Bauxite is somewhat of a boutique offering on the ASX as pure exposure to the aluminium raw material through listed companies is limited.

Rio Tinto, Alcoa and South32 are the biggest producers of the stuff on the ASX but if it is pure exposure the punter wants, they have to go further down the market cap ranks.

As it is, it is a good time to take a look at what is on offer as prices for bauxite from the two major exporting nations – Guinea in West Africa and Australia – have just hit record levels of $US80/t and $US64.50/t, respectively.

So its happy days for the companies on the ASX with bauxite exposure. But first some background on what is going on with bauxite and its end product sisters of alumina and aluminium.

It takes 4-5t of bauxite to make the 2t of alumina needed to produce 1t of aluminium. So what is happening in the bauxite market ends up having an impact on prices for alumina and aluminium.

While aluminium is nice and strong at $US2,558/t – it compares with the June half average of $US2,358/t –  there is nothing special about the price at the moment.

Prices for bauxite and alumina on the other hand have been going gangbusters. Alumina too is at record levels of $US677/t in the market that matters most when it comes to all things aluminium – China.

A 10-year average for alumina is about $US330/t and it usually trades at 15-17% of the aluminium price which would currently equate to about $US385/t. But here we are and its approaching $US700/t.

Whether the rising cost of bauxite and alumina rubs off on aluminium in a meaningful way remains to be seen. It is likely it will.

 

We have lift off

As for the recent take-off in bauxite and alumina, it’s all about supply side issues. Guinea supplies about 70% of China’s alumina refinery needs and it recently spooked the market by putting a customs block on a big producer/exporter.

While a customs block was the stated reason for halting the producer’s exports, there is no doubt that Guinea is on a warpath to extract greater value from its bauxite industry, including a push to have its own value-added alumina industry.

The situation in Guinea raises security of supply issues for the mammoth Chinese aluminium industry and comes at a time when China’s domestic bauxite production is under pressure from falling grades, weather impacts and environmental performance audits by regulators it does not pay to mess with.

Taking a look at alumina, the key factors at play are the shortage of Chinese domestic bauxite and strong demand from the nation’s fleet of aluminium smelters.

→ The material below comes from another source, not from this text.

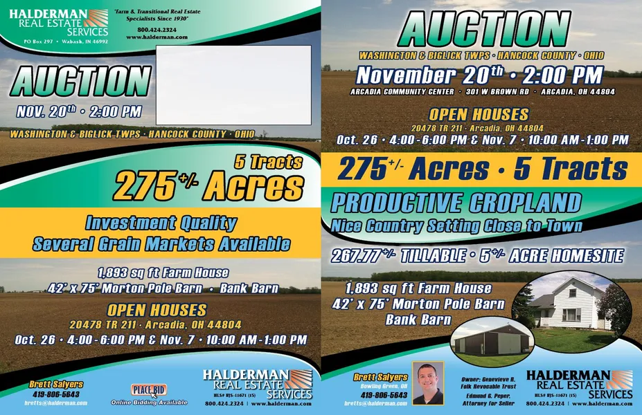 Auction Location: Arcadia Community Center: 301 W Brown Rd, Arcadia, OH 44804

Supply issues from Rio’s operations in Queensland on gas shortages have not helped.

As said at the start, Garimpeiro’s interest today is in pure bauxite players on the ASX. There is not many of them. Here are three that have got a lot more interesting in recent weeks because of the bauxite-alumina dynamic.

 

Metro Mining (ASX:MMI)

It is the only pure/independent bauxite producer on the ASX and was trading mid-week at 5c for a market cap for a market cap of $297m.

Talk about exquisite timing – the company it starting to reap the benefits of an expansion in production to 7mtpa of bauxite on the completion of a ramp up at its Bauxite Hills operation north of Weipa on Cape York Peninsula.

Analysts at Shaw and Partners like this none, placing a 12-month price target on the stock of 14c a share. The broker has net profit after tax rising to $95m in FY25 and $122m FY26 which is interesting given the group’s current market cap.

 

Arrow Minerals (ASX:AMD)

It is only days away from starting a maiden drilling program at its Niagara bauxite project in Guinea. The stock was trading mid-week at 0.2c a share for a market cap of $25m.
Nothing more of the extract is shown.